I pull into our street, park the car, shut off the engine. Learn back against the seat, inhale deeply. It smells musty, with hints of old coffee and the earthy smell of oil paint. When I close my eyes, I do the other necessary maths - twenty and twenty-five. Thirty-two and thirty-seven. Ninety-one and ninety six.
And really, Caddy is right.
It's not so big at all.
XXX
It is much later when I think about it again, huddled in my room with a thick book about a time long ago, a carefully lit candle filling my room with a warm glow and the scent of cinnamon. Dad snores down the hall, the sound soft and steady. Mum's shed light is still on, but I suspect she has dozed off hours ago. I think about Caddy and Michael and the cozy flat and the growing number of children. I think mostly about Caddy, though, and the way she smiles when Buttercup makes her a picture. The way she cradles Jassy when she crawls into her lap. The way June gives her sloppy kisses. The way she can look at Michael like he is the only one in the world.
The way that she has created all we had in the Banana House when we were small - all that and more. I try to imagine me when I am Caddy's age, with some difficulty, because I have never been certain if I would want children of my own.
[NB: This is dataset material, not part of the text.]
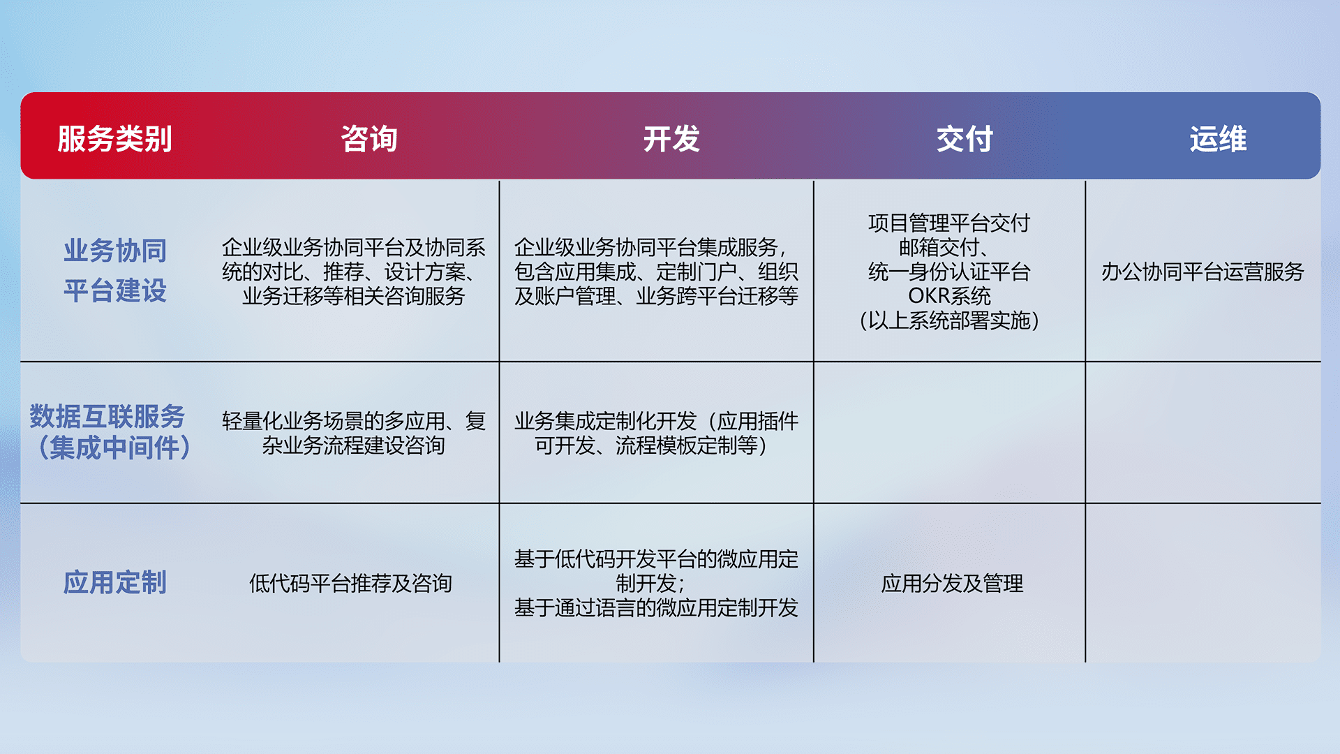 针对钉钉、、企微、、、IDaas等平台级产品提供产品的规划、、、、方案、、、交付、、、定制化开发等服务,,,实现如统一协同办公、、、、智能客户服务、、、、混合会议管理、、、、智能数据查询、、、、等业务场景,,实现数字化转型。。。。

I love my nieces and nephew dearly, but I also love giving them back.
XXX
I wake up suddenly, the book pages crumbled beneath my cheek (I will need to flatten them before depositing it back at the library), blow out my candle, and watch the wisps of smoke rise in the darkness.
A cat.
A cat will do.
A cat, a smoky, dark little shadow, with wide golden eyes.
Yes, a cat and a cozy cottage, filled with books and paints and wide blank walls ready for bursts of imagination. And of course, never silent, because there will be a guitar and someone lovely to play it.
And then I am digging for my mobile, buried in tangles of blanket, and typing a text so quickly that I don't even take a moment to consider it.
Cats or dogs? Which do you like more?
My heart rattles in my chest, a caged butterfly. I throw my phone across the room and hide my face in my pillow.
But it is only moments before it is humming loudly against the carpet. I scamper out of bed to retrieve it, flicking open the screen.
Dogs.
Bloody hell.
I should not listen to Caddy. Love is foolish, really, and look how long it took her to get things with Michael right.
But then -
It's such a nice night here, the kind that makes me think of you. I am thinking of all the paints I would need to make the sky. You've ruined me, Permanent Rose. I never meant to see the world in so many colors.
Oh.
Oh!
Perhaps, then, a dog would work quite nicely after all.